Wednesday, March 24, 2010

One Minute Review: Dead Snow

I've always wondered whether, if a bad movie knows it bad, that somehow negates it's badness? After all, a stinker by any other Shakespeare one said. If we were to take Dead Snow as a measure of this question, the answer would be no, badness does not compensate for badness. Even worse, this low budget Norwegian gore-fest is also painfully self-reflexive. It knows it's a movie and wants you to know it too. "How many movies can you think of where a bunch of teenagers go to a cabin in the woods without cell phones?" Asks one of the characters, which almost leads to a debate about whether or not Evil Dead 2 is actually a sequel to or rather just a remake of Evil Dead. Then, during a game of Twister someone asks why they even bother to play such a game. "Because Hollywood has taught us it's the best game ever," is the reply. I can't remember the last, or even the first time I've seen a Hollywood film pine over the brilliance of Twister.

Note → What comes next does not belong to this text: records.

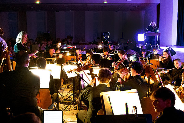 [Die Musik von „Little Women“ ist stilistisch abwechslungsreich – bei den Aufführungen des DBG bereicherten auch einige Ehemalige und Externe das Schulorchester, das von Annette Blecher geleitet wurde.]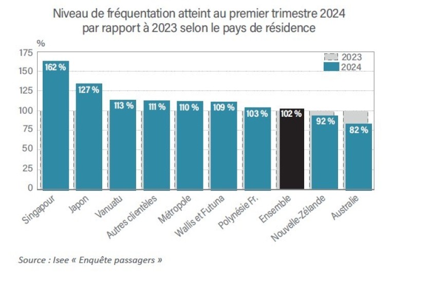Le record de fréquentation des Australiens (6 724 personnes) et des Néo-Zélandais (1 750) avait, lui, été atteint au premier trimestre 2023. Pour autant, en 2024, 5 510 Australiens ont été recensés, ce qui constitue la deuxième source de touristes, représentant 21 % de l’affluence totale.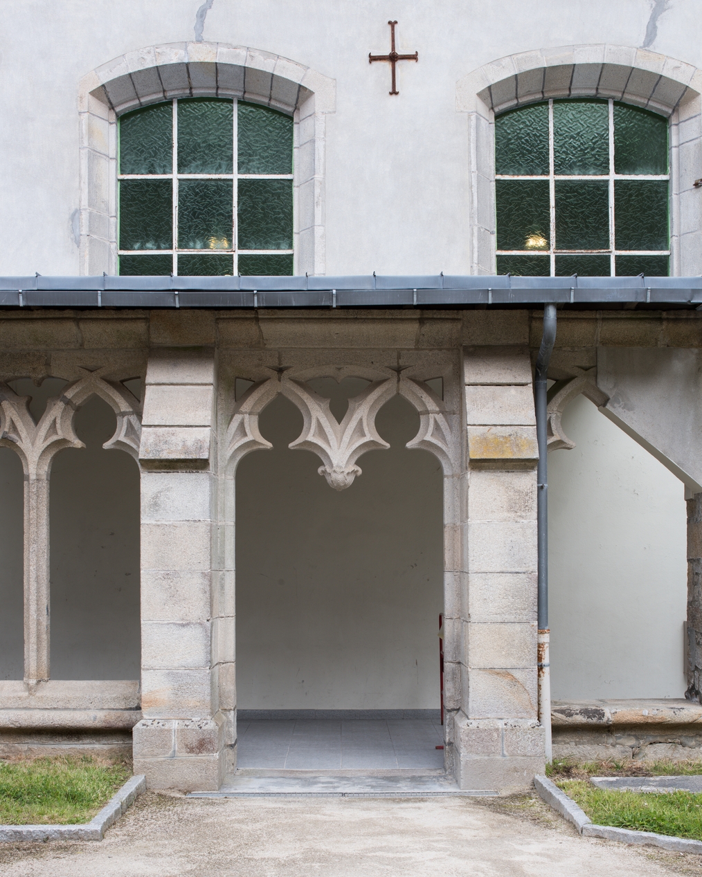 Bâtiments de l'ancien séminaire, détail sur un élément du cloitre des Carmes de Pont-L'Abbé (15e siècle, remonté ici en 1902).Immatriculation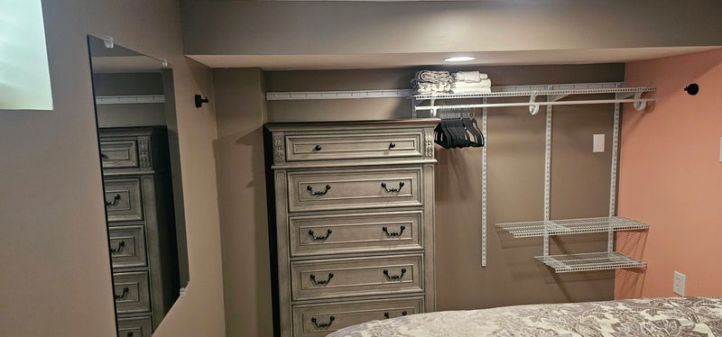 New build room with Ashley Queen bedroom suit. Mattress is heavenly firm but soft. A wall closet, and Ashley bureau. Perfect for an individual who likes their space soft and comfortable. It comes with a shared bathroom and a luxury lounging living room with steps away from the washer and dryer room.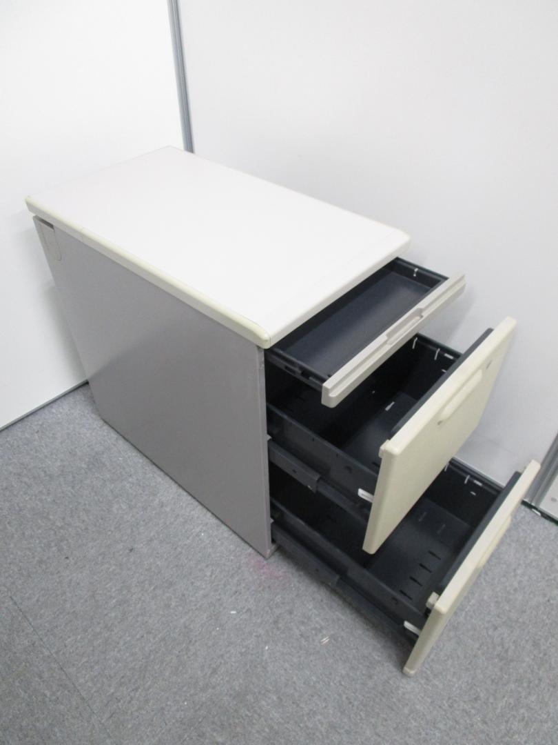 【\8,000⇒\6,000】【10台入荷!】全体的に日焼け御座いますが使用には問題ございません H700 デスク脇収納 A4書類2段収納可能 3段脇机【中古オフィス家具 事務机】【ロット】【おつとめ品】- 池袋店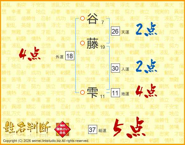 谷藤雫さんの総運は37画の5点!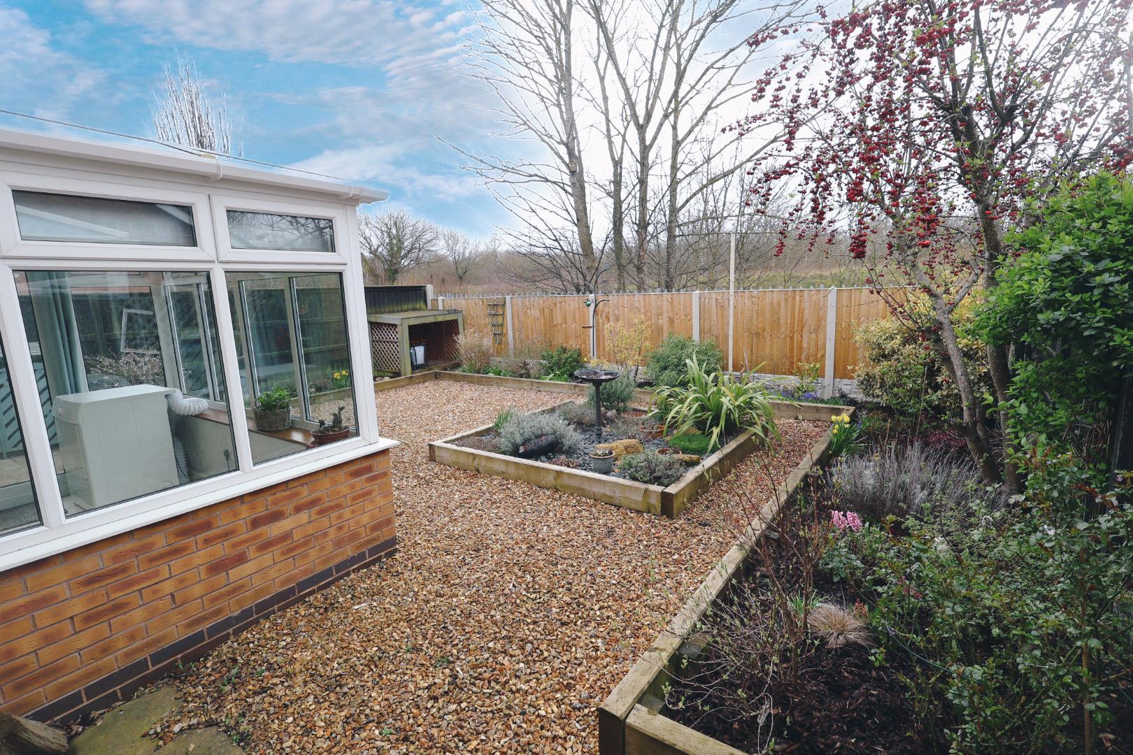 To the front of the property is off-road parking for several vehicles, alongside a golden gravel and shrub garden. Timber side access leads to the rear garden, and there is an external light by the front door. An attractive and well-landscaped rear garden featuring a paved patio area, a golden gravel section, and sleeper-raised beds planted with a variety of shrubs and trees. The garden is enclosed by concrete posts and timber fence panels and benefits from external lighting and a water supply.

And then the gore starts as a group of hapless medical students are attacked by zombie cannibal Nazis after being warned of the evil that lurks near them by an ominous old man who looks kind of like Harvey Keitel and is apparently only out in the woods to tell these kids how dangerous it is to be out in the woods. Based on that description you should know if this movie is for you. If not, it's basically the same ol' thing.


  1. Nazi + Zombies... it's an equation you'd think would have added up to more. But such poor handling. It's the kind of film I can only imagine genre fans get into.

  2. I'll give it this much: it's about 100 times better than Cabin Fever.